As any other developing countries, Cambodia has to face with threats on Natural Resources. They are over-fishing, illegal fishing practices, increasing use of hazardous pesticides, and conversion of flooded forests, as well as swamp drainage for agriculture. (web. worldbank. org) There are also many foreign investment plans that can harm the forest in Cambodia. For example, from a leaked government document to press, Green Elite, a China company is found to exploit 300,000 hectares forest, far more than its previous plan (Reynold, 39).
Therefore, due to the possible harms on natural resources, World Bank has carried out many programs to help Cambodia in natural resources preservations in land, forest, and biodiversity such as Forest Concession Management and Control Pilot Project, Forest Concession Management and Control Pilot Project, and Biodiversity and Protected Area Project. (web. worldbank. org) Cambodia and China With the tremendous growing over last decade, China has increased its influence all over the world. As any other small countries, Cambodia also has to look with a guard against China.

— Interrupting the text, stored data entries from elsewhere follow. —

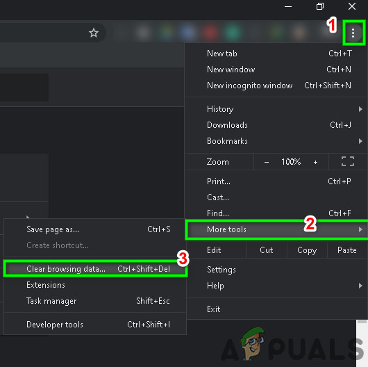 - Select More tools, then choose Clear browsing data.
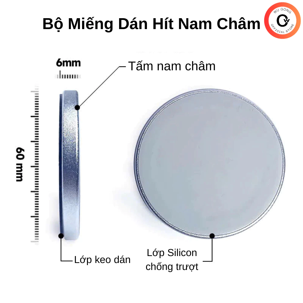 Set Miếng Dán Nam Châm Điện Thoại, Máy Tính Bảng, Màn Hình. Bộ Miếng Dán Nam Châm Tròn 6cm Lực Hít Mạnh
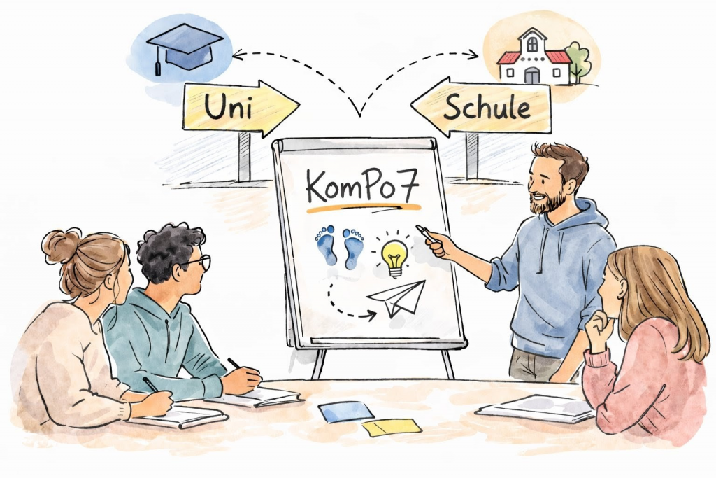 Das Seminar zeigt eindrucksvoll, wie universitäre Ausbildung und schulische Praxis wirkungsvoll verbunden werden können – im Sinne einer professionellen, stärkenorientierten und inklusiven Berufsorientierung mit KomPo7.
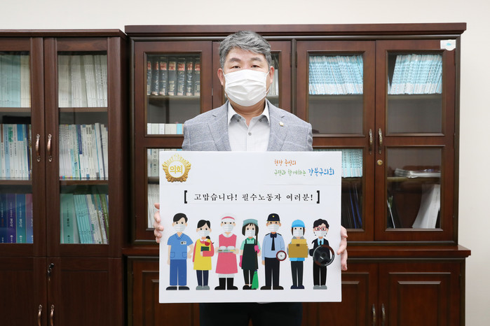이 부의장과 최 의원은 강북구의회 이용균 의장의 지목을 받아 각각 ‘고맙습니다! 필수노동자 여러분!’이 적힌 팻말을 들고 챌린지에 참여했다.

With China, Cambodia is such a potential market that Chinese exporter untapped while the total market share is just 1%. (Beijing Relation but At What Cost, 6) China can take advantage on the low rate of import tax and trade barriers in Cambodia to push their products to the Cambodia’s market and easily dominate it. Beside that, Cambodia is a country has large natural resources that attracted companies like Green Elite, as mention above, to exploit. In China’s thirsty of natural resources for the growing economy, Cambodia may become an aim in its exploitation policy.
Cambodia and Global Financial Crisis 2008 Cambodia got significantly hurt from the Global Financial Crisis 2008. The GDP in 2008 was 6. 7 percent, put an end to a decade of two digits growth. The demand of the world decline make the garment, one of the most important patterns of Cambodia economy, fell down. IDB and IMF both estimate a negative growth for Cambodia in 2009 and 2010. However, in 2010 GDP of Cambodia recovered to 4. 1% and the estimate for 2011 is 5%. (Menon, 103) It is because some foreign market of Cambodia has recovered and the demand started to increase.

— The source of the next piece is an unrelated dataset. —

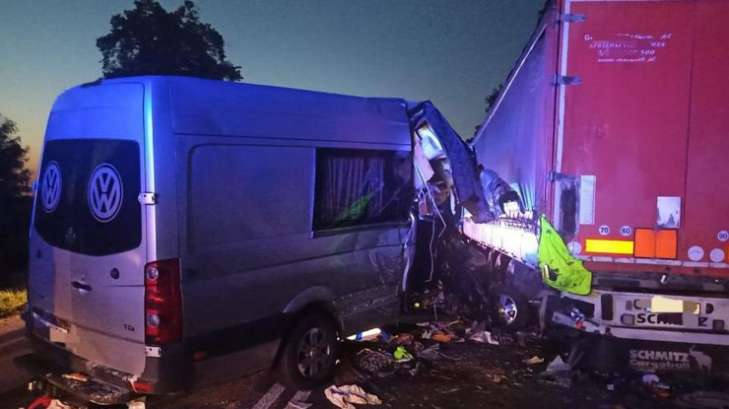 Він додав, що після аварії вісім громадян України, які їхали в автобусі, були доставлені до лікарні. Після обстеження у двох осіб були виявлені тілесні ушкодження, додав речник поліції.

Beside that, the oil price reduce has taken out the pressure on inflation that appeared since 2008. In short, the crisis in Cambodia has been over. The Future As a transforming nation, Cambodia has got impressive success in growth through nearly one decade. The Global Financial Crisis has made GDP decline to negative but now it is over. A bright future is waiting for Cambodia: “Cambodia’s traditional lack of self-confidence about being in the shadow of the bordering economic powerhouses of China, Vietnam, and Thailand has begun to dissipate.
Merchandise exports have boomed, led by a highly competitive apparel sector. Pay remains low in the garment factories, but wealth is being created, and it shows on the streets. Services have thrived, and tourism is taking off; transportation and travel revenues have almost tripled since 2000. Foreign banks are either establishing local outposts or showing an interest in doing so, reversing the tendency before Cambodia’s WTO accession to withdraw from the country. And the real estate market has taken off on the back of a healthy construction sector. (Sutherland, 127) Conclusion Overall, Cambodia is a nation with the transformationalist perpective that has been quite successful with an impressive growth during last decade. They actively join regional, global organization and also focus on building good relationship with their neighbors. However, they still have many difficulties with dollarization, natural resources management and the Beijing Consensus.
If they can go through all that, a bright future is waiting for their kingdom.